AI-Augmented OCR with Amazon Textract

Artificial Intelligence & MLOps

Learn how organizations can eliminate manual data extraction with Amazon Textract, a cutting-edge tool that uses machine learning to extract and organize text and data from scanned documents.

If you’ve experienced applications that extract text from a scanned image or document, then you’re likely familiar with optical character recognition (OCR). This functionality has been around for many years, and the use cases are clear – online data capture, automated text validation, and more efficient workflows, to name a few. Amazon Textract has taken this idea and turned it into a cloud-native, data-driven, Machine Learning tool with all the modernized benefits of being in the AWS ecosystem.

What is Amazon Textract?

Textract offers a sense of near-immediate satisfaction: it quickly extracts text and structured data – typed or handwritten – from scanned documents, then it organizes this data and outputs it back to you as you see fit.

However, it’s not your typical OCR. Amazon Textract is a Machine Learning tool; it identifies the format of the data, understands the structure, and organizes it in a way that is easy to consume. The more it does this, the smarter it gets.

If you’re dealing with particularly sensitive information, you can choose to use additional features – such as Amazon Augmented AI – to allow an extra layer of human review of your data, as well. We’ll touch on this later in the article.

Why Use Textract?

Simple: Textract quickly extracts written or typed words from documents and transforms them into usable data formats. It does this efficiently and accurately, which saves time, energy, and money.

Imagine being presented with a stack of invoices and having to manually enter that data into a spreadsheet to keep track of business expenses. Or maybe you’re a healthcare worker managing files for new patients – all written by hand with differing levels of legibility – and you have to manually input that form data into the hospital database.

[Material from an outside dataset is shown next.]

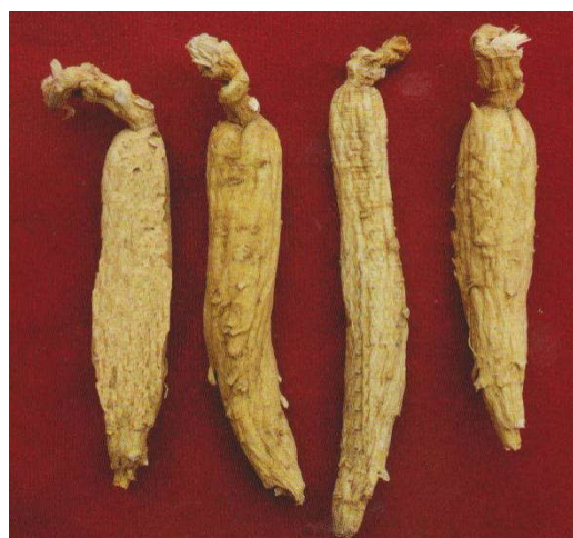
图 A.2 生晒参

These are just a few scenarios for which Textract can be used to automate data extraction and organization. A key takeaway here is the speed and high-accuracy that Textract offers - for both printed data and hand-written data. The risk of human error alone in both of the real-life examples above could be costly. What would take the business or healthcare worker hours and hours every day to complete, Textract can do in a matter of minutes or less, freeing up workers to focus on other tasks.

This same smart technology can be utilized to optimize your organization’s data management. As long as the data you’re working with is in the form of text or images with text (letters, numbers, and symbols included within Textract’s current capabilities), Textract can see it!

How Does It Really Work?

Alright, here's the deep-dive. Currently, Textract detects text within documents that fits the Standard English alphabet and ASCII symbols, as well as signatures, forms, and tables written in English, German, French, Spanish, Italian, and Portuguese. Files can be sent to Textract for processing as PNGs, JPGs, TIFFs, or PDFs.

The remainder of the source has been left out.